→ **YOUR OBJECTIVE**
Reproduce each line below precisely. Drop the pictures.

Stored dataset items:
——————
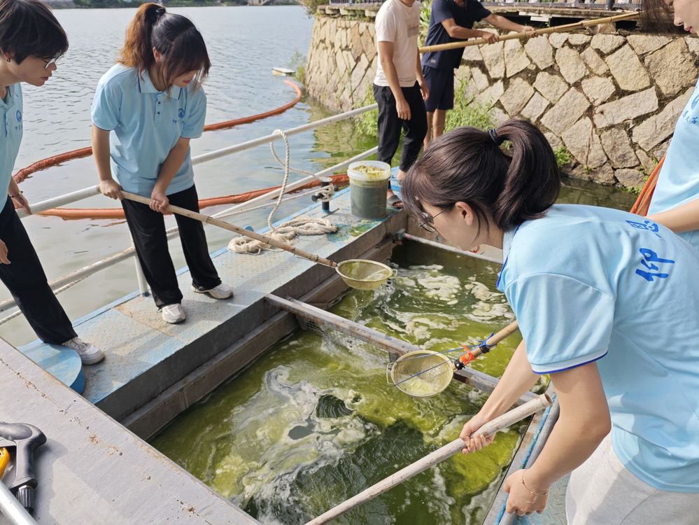 面对水域生态保护,部分河流蓝藻泛滥、沿岸垃圾堆积等生态治理挑战,实践队以身体力行融入护河行动。活动中,经河长办工作人员指导,实践队系统了解河湖长制体系,并清理仰恩湖沿岸垃圾,使河湖周边生态环境得到改善。实践队员们通过手持工具俯身打捞蓝藻,在网起网落间体会生态保护的实践要义,与工作人员协作中,感知“人工护水需巧劲,生态守护靠恒心”的责任分量。
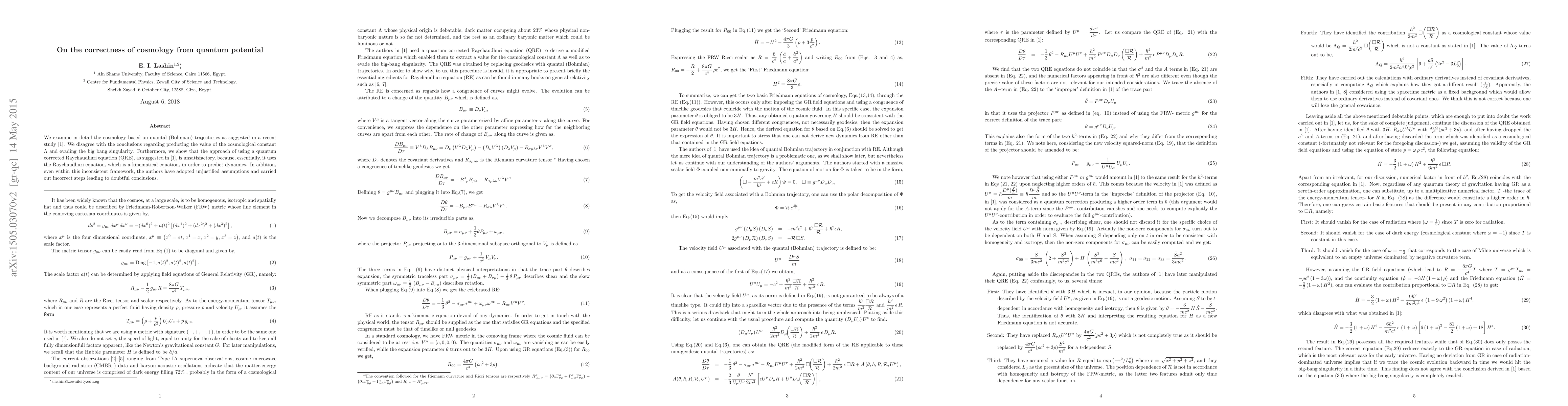 We examine in detail the cosmology based on quantal (Bohmian) trajectories as suggested in a recent study arXiv:1404.3093[gr-qc]. We disagree with the conclusions regarding predicting the value of the cosmological constant $\Lambda$ and evading the big bang singularity. Furthermore, we show that the approach of using a quantum corrected Raychaudhuri equation (QRE), as suggested in arXiv:1404.3093[gr-qc], is unsatisfactory, because, essentially, it uses the Raychaudhuri equation, which is a kinematical equation, in order to predict dynamics. In addition, even within this inconsistent framework, the authors have adopted unjustified assumptions and carried out incorrect steps leading to doubtful conclusions.
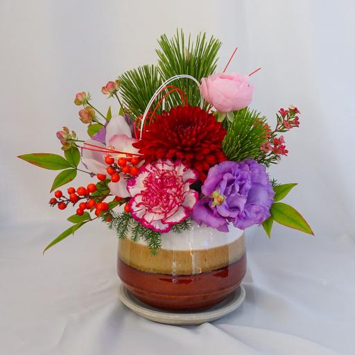 【お正月アレンジ】レッド×パープル■信楽焼の器/送料込み※着日指定なしのご注文で29日のお届け
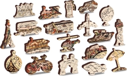 Elementy-figurki w kształcie zwierząt, budowli i przedmiotów z subtelnie laserowo podkreślonymi detalami nadają układaniu charakter i wciągające wyzwanie.
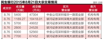与此同时,民生银行(600016.SH)也在8月21日惊现大宗交易平台,6笔交易合计达28789.27万股,交易金额25.22亿元,成交价8.76元/股,较当日收盘价8.51元溢价2.94%。与浦发银行不同的是,民生银行的卖出方全是机构专用席位。
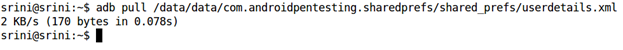 As we can see in the above figure, there is a folder named "shared_prefs". This gets created when an app is using shared preferences in it. We can change the directory to shared_prefs and use the "cat" command to look at the contents of this application right away.
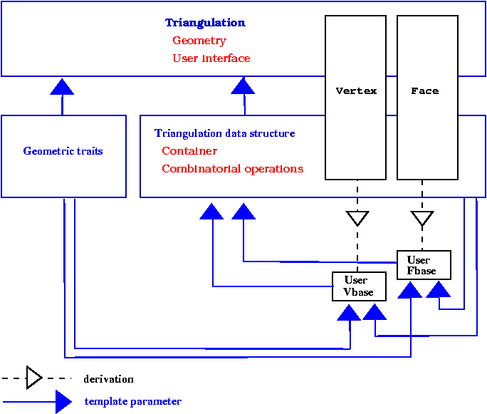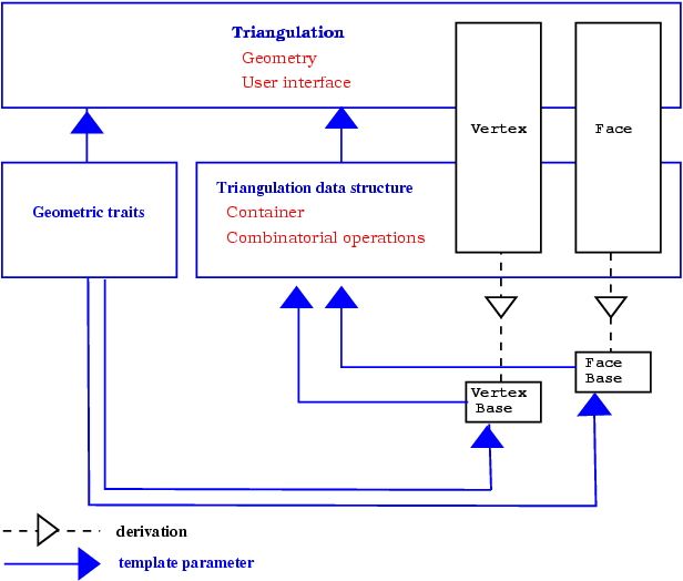 has two template parameters standing for a vertex class and a face class. CGAL defines concepts for these template parameters and provide default models for these concepts. The vertex and base classes are templated by the geometric traits class which enables them to obtain some knowledge of the geometric primitives of the triangulation. Those default vertex and face base classes can be replaced by user customized base classes in order, for example, to deal with additional properties attached to the vertices or faces of a triangulation. See Section Flexibility for more details on the way to make use of this flexibility.
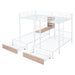 Full Over Twin & Twin Triple Bunk Bed With Drawers, Multi-Functional Frame With Desks And Shelves In The Middle - White
——————
→ **RESPONSE BELOW**
 面对水域生态保护,部分河流蓝藻泛滥、沿岸垃圾堆积等生态治理挑战,实践队以身体力行融入护河行动。活动中,经河长办工作人员指导,实践队系统了解河湖长制体系,并清理仰恩湖沿岸垃圾,使河湖周边生态环境得到改善。实践队员们通过手持工具俯身打捞蓝藻,在网起网落间体会生态保护的实践要义,与工作人员协作中,感知“人工护水需巧劲,生态守护靠恒心”的责任分量。
 We examine in detail the cosmology based on quantal (Bohmian) trajectories as suggested in a recent study arXiv:1404.3093[gr-qc]. We disagree with the conclusions regarding predicting the value of the cosmological constant $\Lambda$ and evading the big bang singularity. Furthermore, we show that the approach of using a quantum corrected Raychaudhuri equation (QRE), as suggested in arXiv:1404.3093[gr-qc], is unsatisfactory, because, essentially, it uses the Raychaudhuri equation, which is a kinematical equation, in order to predict dynamics. In addition, even within this inconsistent framework, the authors have adopted unjustified assumptions and carried out incorrect steps leading to doubtful conclusions.
 【お正月アレンジ】レッド×パープル■信楽焼の器/送料込み※着日指定なしのご注文で29日のお届け
 Elementy-figurki w kształcie zwierząt, budowli i przedmiotów z subtelnie laserowo podkreślonymi detalami nadają układaniu charakter i wciągające wyzwanie.
与此同时,民生银行(600016.SH)也在8月21日惊现大宗交易平台,6笔交易合计达28789.27万股,交易金额25.22亿元,成交价8.76元/股,较当日收盘价8.51元溢价2.94%。与浦发银行不同的是,民生银行的卖出方全是机构专用席位。
 As we can see in the above figure, there is a folder named "shared_prefs". This gets created when an app is using shared preferences in it. We can change the directory to shared_prefs and use the "cat" command to look at the contents of this application right away.
 has two template parameters standing for a vertex class and a face class. CGAL defines concepts for these template parameters and provide default models for these concepts. The vertex and base classes are templated by the geometric traits class which enables them to obtain some knowledge of the geometric primitives of the triangulation. Those default vertex and face base classes can be replaced by user customized base classes in order, for example, to deal with additional properties attached to the vertices or faces of a triangulation. See Section Flexibility for more details on the way to make use of this flexibility.
 Full Over Twin & Twin Triple Bunk Bed With Drawers, Multi-Functional Frame With Desks And Shelves In The Middle - White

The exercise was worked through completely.